For legal entities evaluated for consolidation, we first determined whether the fees we receive and the interests we hold qualify as a variable interest in the entity. This included an evaluation of fees paid to us as a decision maker or service provider to the entity being evaluated. Fees received by us are not variable interests if (i) the fees are compensation for services provided and are commensurate with the level of effort required to provide those services, (ii) the service arrangement includes only terms, conditions or amounts that are customarily present in arrangements for similar services negotiated at arm’s length, and (iii) our other economic interests in the entity held directly and indirectly through our related parties, as well as economic interests held by related parties under common control, would not absorb more than an insignificant amount of the entity’s losses or receive more than an insignificant amount of the entity’s benefits.
For those entities in which we have a variable interest, we performed an analysis to determine whether the entity is a VIE by considering whether the entity’s equity investment at risk is insufficient, whether the investors lack decision making rights proportional to their ownership percentage of the entity, and whether the investors lack the obligation to absorb an entity’s expected losses or the right to receive an entity’s expected income.

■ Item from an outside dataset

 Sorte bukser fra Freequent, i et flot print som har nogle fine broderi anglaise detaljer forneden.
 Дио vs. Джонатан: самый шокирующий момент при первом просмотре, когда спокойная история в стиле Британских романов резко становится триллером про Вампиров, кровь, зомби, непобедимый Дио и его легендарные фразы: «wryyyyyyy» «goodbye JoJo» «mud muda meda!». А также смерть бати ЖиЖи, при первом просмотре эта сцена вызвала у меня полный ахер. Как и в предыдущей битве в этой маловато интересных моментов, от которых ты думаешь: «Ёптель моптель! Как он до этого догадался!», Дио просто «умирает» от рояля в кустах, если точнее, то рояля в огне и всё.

A VIE must be consolidated by its primary beneficiary, which generally is defined as the party that has a controlling financial interest in the VIE. We are deemed to have a controlling financial interest in a VIE if we have (i) the power to direct the activities of the VIE that most significantly affect the VIE's economic performance, and (ii) the obligation to absorb losses of the VIE or the right to receive income from the VIE that could potentially be significant to the VIE. For purposes of evaluating (ii) above, fees paid to us as a decision maker or service provider are excluded if the fees are compensation for services provided commensurate with the level of effort required to be performed and the arrangement includes only customary terms, conditions or amounts present in arrangements for similar services negotiated at arm’s length. The primary beneficiary evaluation generally is performed qualitatively based on all facts and circumstances, as well as quantitatively, as appropriate.

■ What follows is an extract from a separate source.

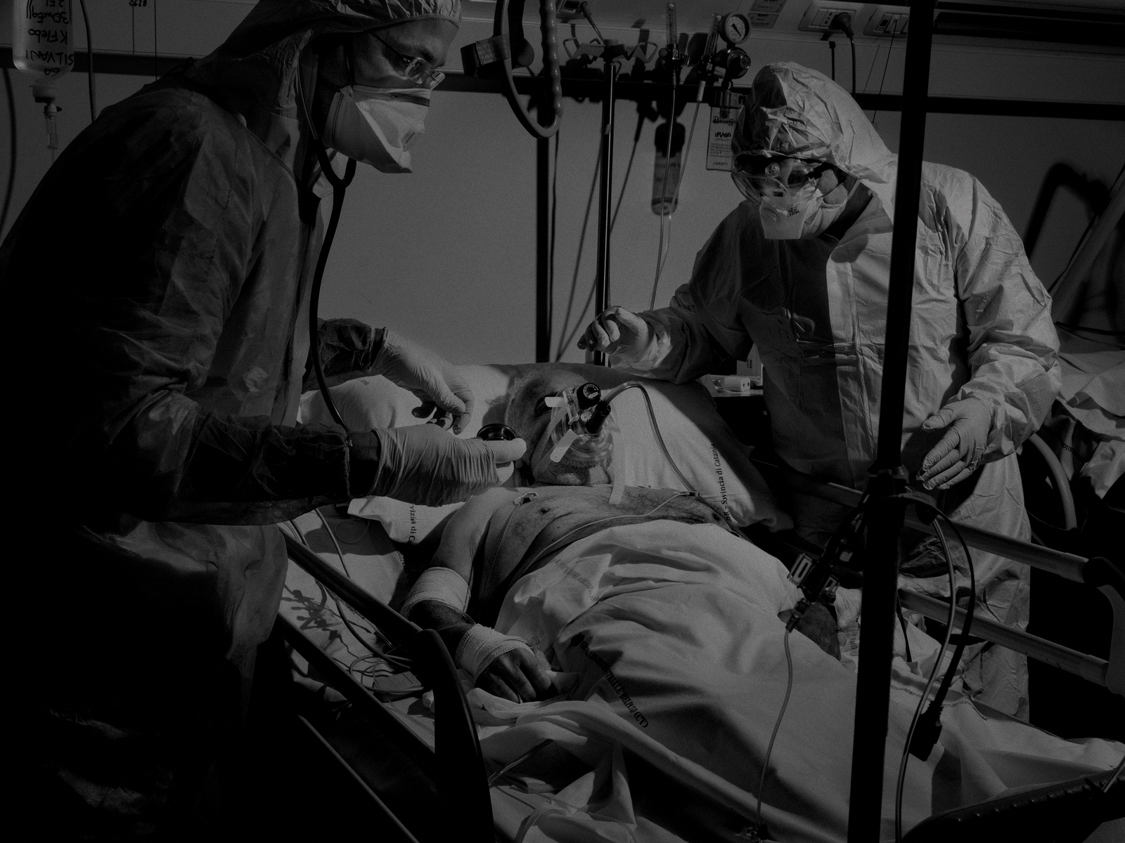 在西西里卡塔尼亚医院的重症监护病房里,感染病毒的老人在呼吸机的帮助下保持呼吸

If we have a variable interest in an entity that is determined not to be a VIE, the entity is then evaluated for consolidation under the voting interest entity (“VOE”) model. For limited partnerships and similar entities, we are deemed to have a controlling financial interest in a VOE, and would be required to consolidate the entity, if we own a majority of the entity’s kick-out rights through voting limited partnership interests and limited partners do not hold substantive participating rights (or other rights that would indicate that we do not control the entity). For entities other than limited partnerships, we are deemed to have a controlling financial interest in a VOE if we own a majority voting interest in the entity.
The analysis performed regarding the determination of variable interests held, whether entities are VIEs or VOEs, and whether we have a controlling financial interest in such entities requires the exercise of judgment. The analysis is updated continuously as circumstances change or new entities are formed.
As a result of the adoption of ASU 2015-02, effective January 1, 2016, we have consolidated three investment funds that are classified as VIEs in which we have a controlling financial interest. Ownership interests not held by us relating to these consolidated VIEs are included in redeemable non-controlling interest on the condensed consolidated statement of financial condition. In addition, effective January 1, 2016, we reclassified our consolidated private equity fund as a consolidated VIE (which was consolidated as of December 31, 2015 under previous accounting guidance due to our controlling financial interest of a VOE). Ownership interests not held by us relating to this consolidated VIE, which is a closed-end fund, are included in non-controlling interest on the condensed consolidated statement of financial condition.